Tuesday, April 22, 2014

JOKE OF THE DAY : THE 1ST EASTER WAS ABOUT A PAGAN GODDESS



This bit of silliness is so lacking in evidence, based on a weak coincidence, that it really is a bad joke.  But since huge numbers of people are easily influenced by this kind of garbage, let's take it apart, bit by bit :

EASTER : You mean the annual feast of Christians celebrating the resurrection of Jesus from the dead? 

WAS ORIGINALLY : You mean the first time (originally) that Christians got together for a feast called Easter, it had nothing to do with Christ, but was instead a feast to celebrate the Babylonian/Assyrian sex and fertility goddess Ishtar?  If this is true, how could these Christians have been Christians at all?  What made them Christians in the first place if the Easter they were celebrating was a feast of Ishtar?

What evidence is there that the early Christian worshipped Ishtar?  Do we have religious art in the catacombs depicting early Christian worship of Ishtar?  Early Christian writings talking about early Christian worship of Ishtar?  No?

Funny, because we have early Christian art depicting and writings talking about the worship of Christ, and His rising from the dead.  Long before Constantine.

No, the evidence is clear that, from the beginning of Christianity, Christians believed in the resurrection of Jesus from the dead.  Early Christianity had nothing to do with Ishtar.

AFTER CONSTANTINE DECIDED TO CHRISTIANIZE THE EMPIRE : He allowed Christians to worship freely; to worship Christ, and celebrate His resurrection - something Christians had been doing for almost 300 years already by the time of Constantine.

EASTER WAS CHANGED TO REPRESENT JESUS : What's the proof of this statement?  Can we find an official document showing us that Constantine said, "I am changing Easter."  None?

The statement is that Constantine "changed" Easter; he didn't "invent" Easter.  So there was an Easter prior to Constantine.  What was this Easter?  The worship of Ishtar?  By whom?  By Christians?  That doesn't make sense.

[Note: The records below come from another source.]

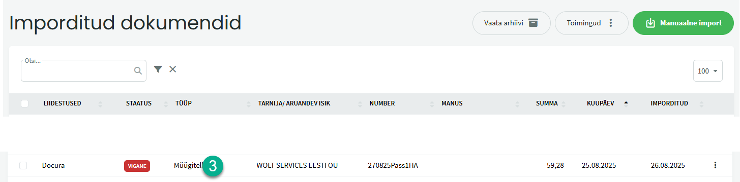 - Kui tellimust ei õnnestu automaatselt importida, klõpsata sellel dokumentide nimekirjas.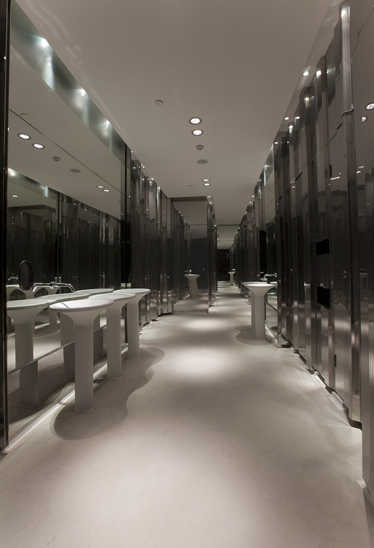 洗手间,设计师选用条状的不锈钢镜面墙身,不单增加了其空间感,更透过镜面材质反映出「光」与「影」的效果,与电影世界有着强烈的牵引。另一吸引目光的地方就是那些特别设计的洗手盘,设计师选用了云石并将之制作成白云的形状,不单切合整间戏院的主题,更增添了新颖及现代的感觉。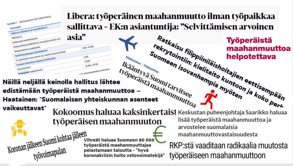 Työllisyyskeskustelu keskittyy kuitenkin yhä enemmän välttämättömään tarpeeseen saada kymmeniä tuhansia, satoja tuhansia, kovimmissa väitteissä vieläkin suurempia määriä ulkomaalaisia tekemään maamme töitä, joihin oma kansa – tai edes ne maassa jo olevat ulkomaalaiset – eivät syystä tai toisesta taivu.

Oh, by other people?  The pagans?  Then why "change" Easter?  What is there "to change" if Christians had already been celebrating the resurrection of Jesus?  The poster would make a whole lot more sense if it claimed that Constantine prohibited the worship of Ishtar, and compelled everyone to observe the Easter of Christians.  But Constantine did neither, as well!  What he did do was allow Christians, and any others who worshipped differently,  to practice their religion with freedom.  Edict of Milan, in the year 313.

Later emperors - not Constantine - waged a war against pagan worship in the Empire.  But there was never a question of changing a pagan feast called Easter from the worship of Ishtar to the celebration of Christ's resurrection.  Christians have been honoring that resurrection from the beginning.

ISHTAR - EASTER

The whole idea in this poster is based on a flimsy coincidence between the name of Ishtar and the Christian feast Easter.

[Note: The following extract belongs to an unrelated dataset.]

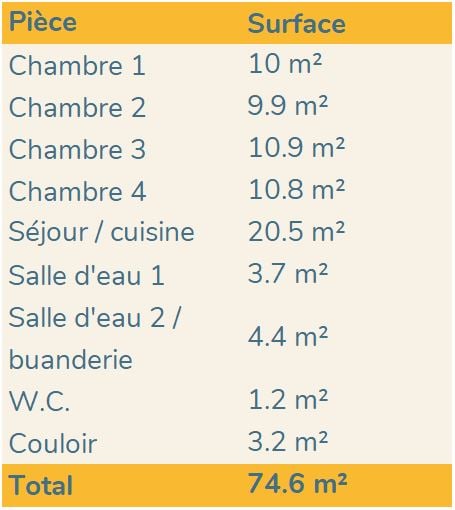 D'une superficie de 74 m², il dispose de 4 chambres d'environ 10 m², d'un séjour avec cuisine ouverte, de 2 salles d'eau et d'un balcon de 4 m² pour profiter de la vue sur le parc arboré. Une cave est également disponible au sous-sol.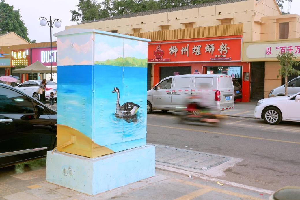 城月镇朝阳路,配电箱被绘上“城月鹅”图案,与圩镇新貌相映成趣。

It's a flimsy coincidence because "Easter" is merely the common (not official) English name of the feast.  Constantine never called Easter "Easter."   Constantine was not English.  The Greek and Roman Christians during the time of Constantine called Easter "Pascha," as the Greeks do today and as it is still known in Latin in the Roman Church.

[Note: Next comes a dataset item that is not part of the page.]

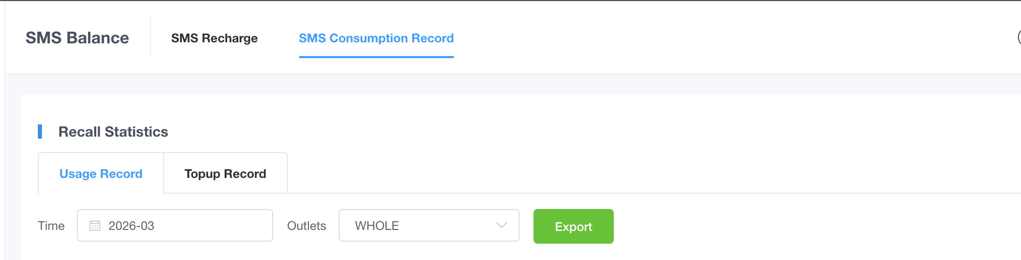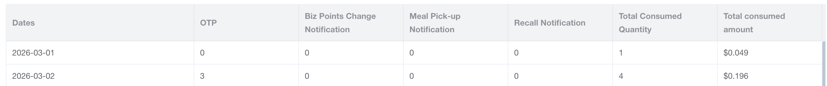 > This page allows merchants to track their SMS usage and related expenses across different outlets, ensuring transparent billing for successfully delivered messages. > 本页面供商户追踪不同门店的短信使用情况及相关费用,确保仅对成功发送的短信进行透明计费。 --- ### 1. Page Operations & Field Explanations (Top-to-Bottom) 页面操作与字段详解(从上至下) #### Filter & Action Area 筛选与操作区  * **Operation Guide**: Select specific months and outlets to filter the consumption data, and export the records for detailed analysis. * **操作说明**:选择特定月份和门店以过滤消耗数据,并导出记录以进行详细分析。 | Field/Action <br> 字段/操作名称 | Explanation <br> 含义与操作解析 | | :--- | :--- | | **Time** <br> **时间** | Select the target month (e.g., 2026-03) to filter the consumption data. <br> 选择目标月份(如 2026-03)以筛选消耗数据。 | | **Outlets** <br> **店铺** | Filter the SMS usage by a specific branch or choose 'WHOLE' for all branches. <br> 按特定分店筛选短信使用情况,或选择“全部”查看所有门店。 | | **Export** <br> **导出** | Download the current usage data report as a spreadsheet. <br> 将当前的使用数据报表下载为电子表格。 | #### Consumption Overview 消耗数据概览  * **Operation Guide**: Quickly review the total count of SMS sent and the total cost incurred during the selected period. * **操作说明**:快速查看所选期间内发送的短信总数和产生的总费用。 | Field/Action <br> 字段/操作名称 | Explanation <br> 含义与操作解析 | | :--- | :--- | | **Total number of SMS consumed** <br> **短信消耗总条数** | The total aggregate count of messages successfully sent during the filtered period. <br> 在筛选期间内成功发送的短信总累计条数。 | | **Total consumed amount** <br> **消耗金额总计** | The total monetary cost corresponding to the consumed SMS. *Only successfully delivered SMS will be charged.* <br> 消耗短信对应的总费用。*只有实际发送成功的短信才会扣款。* | #### Consumption Trend Chart 消耗趋势图表  * **Operation Guide**: Visually track the daily fluctuations in SMS consumption quantity and the corresponding financial amount through the graph. * **操作说明**:通过图表直观追踪每日短信消耗条数和相应金额的波动情况。 | Field/Action <br> 字段/操作名称 | Explanation <br> 含义与操作解析 | | :--- | :--- | | **Consumed Quantity** <br> **消耗条数** | The trendline (red) indicating the daily volume of SMS used. <br> 表示每日使用的短信量的趋势线(红色)。 | | **Consumed Amount** <br> **消耗金额** | The trendline (blue) indicating the daily monetary cost of the SMS. <br> 表示每日短信资金成本的趋势线(蓝色)。 | #### Consumption Data List 消耗数据列表  * **Operation Guide**: View the precise daily breakdown of SMS usage categorized by specific notification types in a tabular format. * **操作说明**:以表格形式查看按特定通知类型分类的精确每日短信使用明细。 | Field/Action <br> 字段/操作名称 | Explanation <br> 含义与操作解析 | | :--- | :--- | | **Dates** <br> **日期** | The specific date of the recorded consumption. <br> 记录消耗的具体日期。 | | **OTP** <br> **OTP** | Number of One-Time Password verification messages sent. <br> 发送的一次性密码验证短信数量。 | | **Biz Points Change Notification** <br> **商业积分变动通知** | Number of messages sent to notify customers about changes in their business points. <br> 向顾客发送的关于其商业积分变动的通知短信数量。 | | **Meal Pick-up Notification** <br> **取餐通知** | Number of alerts sent to remind customers to collect their food (e.g., for takeaway orders). <br> 发送给顾客提醒其取餐的通知数量(例如外卖自取订单)。 | | **Recall Notification** <br> **召回通知** | Number of marketing messages sent to re-engage past customers. <br> 发送给过往顾客以吸引其再次消费的营销短信数量。 | | **Total Consumed Quantity** <br> **总消耗条数** | The sum of all types of messages sent on that specific day. <br> 当日发送的所有类型短信的总和。 | | **Total consumed amount** <br> **总消耗金额** | The total daily cost incurred from all sent messages. <br> 当日所有发送短信产生的总成本。 | --- ### 2. Frequently Asked Questions (FAQ) 常见问题 * **Q: Will I be charged for messages that failed to deliver to the customer's mobile phone?** **Q:如果短信未能成功发送到顾客手机,我会被扣费吗?** * **A:** No. The system is designed to ensure that only actual, successfully delivered SMS are billed and deducted from your account balance. **A:** 不会。系统机制确保只有实际发送成功的短信才会被计费,并从您的账户余额中扣除。 * **Q: Why are there different columns for various notification types?** **Q:为什么会有不同通知类型的单列显示?** * **A:** This breakdown helps you analyze which part of your operations (e.g., security OTPs vs. marketing recalls) is consuming the most SMS quota, allowing for better budget management. **A:** 这种明细分类有助于您分析业务的哪个环节(例如安全 OTP 与营销召回)消耗了最多的短信配额,从而更好地进行预算管理。

Again, it's clear there is no connection between a pagan goddess from Babylonia/Assyria, and an old English word "Easter," many miles away, with the Greek and Roman lands lying in between.

The official name of this feast, no matter the language, is the "Sunday of the Resurrection of the Lord."
 
OTHER UNPROVEN CLAIMS

That Ishtar is (or was) pronounced Easter.  Scholars have studied the Babylonian writing system pretty well, and they all say Ishtar sounds like, well, Ishtar.

That eggs and bunnies were her symbols.  From ancient art depicting Ishtar, we can actually say what were her symbols, and eggs and bunnies never appear among them.

Eggs and bunnies are symbols of fertility, which means life.  Christ rose from the dead.  No surprise then, that Christians, in an informal and unofficial way, used earthly, known symbols of life and fertility to express their understanding of the Easter event.


Ancient Christians used different symbols to represent the resurrection of Jesus (and of ours, one day).  The peacock was one such symbol.  Folk belief was that the skin of the peacock never decays.  The peacock sheds its feathers once a year, only to grow more beautiful ones.  Christians saw this as a kind of resurrection - falling away only to bring forth a more glorious life.